Depois de cinco meses, o mercado nacional e internacional aponta dados complexos. O pecuarista brasileiro precisa hoje do dobro de arrobas para comprar um bezerro, sofrendo com mais um tradicional ciclo da atividade. O preço do boi gordo está baixo assim como o consumo da proteína no mercado interno.

Agrônomo e comandante da Scot Consultoria, Alcides Torres: “No confinamento, o custo de produção caiu mais do que o preço final. Por isso, a conta ainda fecha e a atividade deve manter-se bem” – Fotos: Divulgação/Asbram

E o embargo da China imposto pelo caso de mal da vaca louca já ficou para trás, mas não trouxe ainda aumento das vendas externas e prêmios mais robustos pelas melhores carcaças.

Por outro lado, os valores de soja e milho caíram bastante, assim como outros insumos importados devido à baixa do dólar. “No confinamento, o custo de produção caiu mais do que o preço final. Por isso, a conta ainda fecha e a atividade deve manter-se bem. Basta usar a gestão de risco para garantir resultados. Nas outras áreas, contamos com exportações em torno de três milhões de toneladas, o que ajuda bastante no estoque, mas o produtor precisa ser rápido na decisão. É a lógica do mundo capitalista. Não adianta ficar torcendo pelo preço. É um índice ditado pelo mercado”, analisou o tarimbado consultor.

“A melhora no poder de compra dos brasileiros, com recuperação nas vendas de carne bovina no país, é necessária para um aumento do consumo. O que, por tabela, alavancaria os investimentos das fazendas na nutrição mais qualificada dos animais. Já a pecuária leiteira vem tendo uma boa performance, com preços sustentados ao longo dos últimos meses”, analisou o presidente da Associação Brasileira das Indústrias de Suplementos Minerais (Asbram), Juliano Sabella.

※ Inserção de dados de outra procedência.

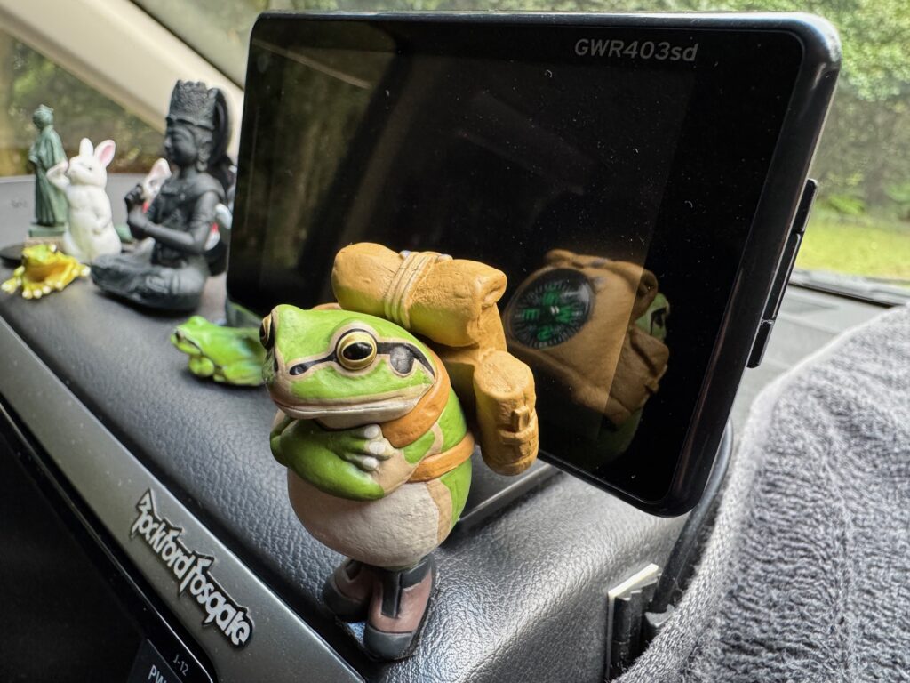 何故、無事カエル君なのかと言うと、後の反射からもわかるように背中のリュックに方位磁針が付いているのです。つらくるようにひもが付いていたので、バックパッカーのリュックに一度は付けたのでしたが、あまりに笑えるので、いつも見えるダッシュボードにしたのでした。

Presidente da Asbram, Juliano Sabella: “A melhora no poder de compra dos brasileiros, com recuperação nas vendas de carne bovina no país, é necessária para um aumento do consumo”

Os dois profissionais comandaram um dia de debates sobre as perspectivas do mercado, durante a última reunião da entidade que representa o segmento de suplementação mineral dos rebanhos brasileiros. No encontro, Torres afirmou que o pecuarista brasileiro precisa enfrentar a realidade de que atualmente terminamos bem o boi, mas tratamos mal a cria, com taxas de prenhez muito baixas. “Temos muito o que avançar em níveis de reprodução e técnicas de produção. O bezerro está aumentando de preço e peso. Temos que alterar a forma de comercialização. Vender bezerro por quilo, como é feito em alguns locais dos estados do Sul do Brasil. Se não for possível, usar a recria para valorizar os investimentos. Tem gente que paga mais pelo bezerro de qualidade. E a venda de sêmen explodiu, o que vem melhorando a qualidade do gado. Temos um mercado a explorar nesse sentido”, aconselhou.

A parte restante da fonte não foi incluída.